About this exercise: So that the copy stays text only, transcribe the data below exactly and exclude the images.

The data:

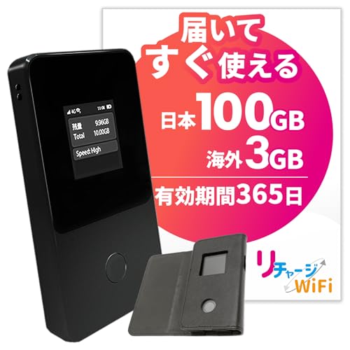 リチャージWiFiは、ロングバッテリーで100GB+のデータを1年間利用可能な小型ポケットWiFiです。契約返却不要で、国内外利用が簡単。電源ONで即時接続、専用ケース付き。
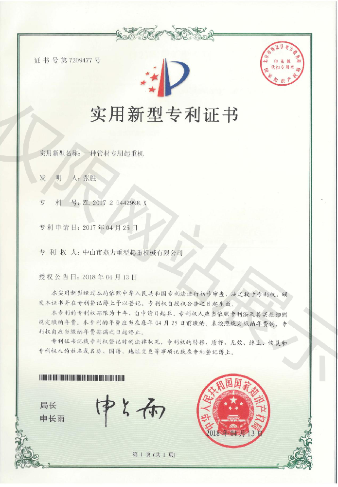 實(shí)用新型專利證書 -- 管材專用起重機(jī)
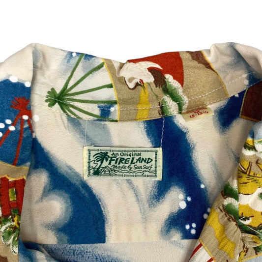VTG SUN SURF FIRELAND 40s 50s STYLE HAWAIIAN ALOHA SHIRT RAYON ROCKABILLY 38”
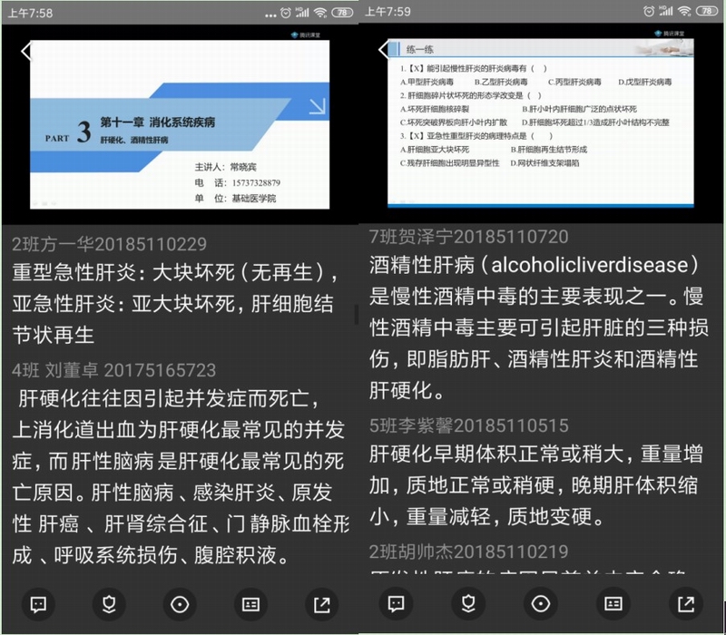 常晓宾老师的课堂设计是“以疾病为中心”、以“执业医师考试”为目标。首先,在课前,筛选用于课堂教学的临床病例,通过长江雨课堂发送至学生,要求学生在课前对病例进行分组讨论,鼓励学生生成讨论报告。在课上,利用“腾讯课堂”引导学生积极分享讨论结果以及相关学科知识点,并将优秀的病例分析报告分享给全体学生学习。同时,在授课过程中以“执业医师考试”大纲的重点内容为授课重点,而且将病理学和生物化学、免疫学和组织胚胎学等相关学科知识融会贯通。而对于简单的内容由学生自学完成,并通过测试题检测学习效果。这种授课方式不仅通过自主学习使学生掌握了基本知识,而且通过小组协作学习拓展了学生的医学知识,初步培养学生临床思维,为学生以后临床课的学习奠定了坚实的基础。

Written response:
 リチャージWiFiは、ロングバッテリーで100GB+のデータを1年間利用可能な小型ポケットWiFiです。契約返却不要で、国内外利用が簡単。電源ONで即時接続、専用ケース付き。
 實(shí)用新型專利證書 -- 管材專用起重機(jī)
VTG SUN SURF FIRELAND 40s 50s STYLE HAWAIIAN ALOHA SHIRT RAYON ROCKABILLY 38”
 常晓宾老师的课堂设计是“以疾病为中心”、以“执业医师考试”为目标。首先,在课前,筛选用于课堂教学的临床病例,通过长江雨课堂发送至学生,要求学生在课前对病例进行分组讨论,鼓励学生生成讨论报告。在课上,利用“腾讯课堂”引导学生积极分享讨论结果以及相关学科知识点,并将优秀的病例分析报告分享给全体学生学习。同时,在授课过程中以“执业医师考试”大纲的重点内容为授课重点,而且将病理学和生物化学、免疫学和组织胚胎学等相关学科知识融会贯通。而对于简单的内容由学生自学完成,并通过测试题检测学习效果。这种授课方式不仅通过自主学习使学生掌握了基本知识,而且通过小组协作学习拓展了学生的医学知识,初步培养学生临床思维,为学生以后临床课的学习奠定了坚实的基础。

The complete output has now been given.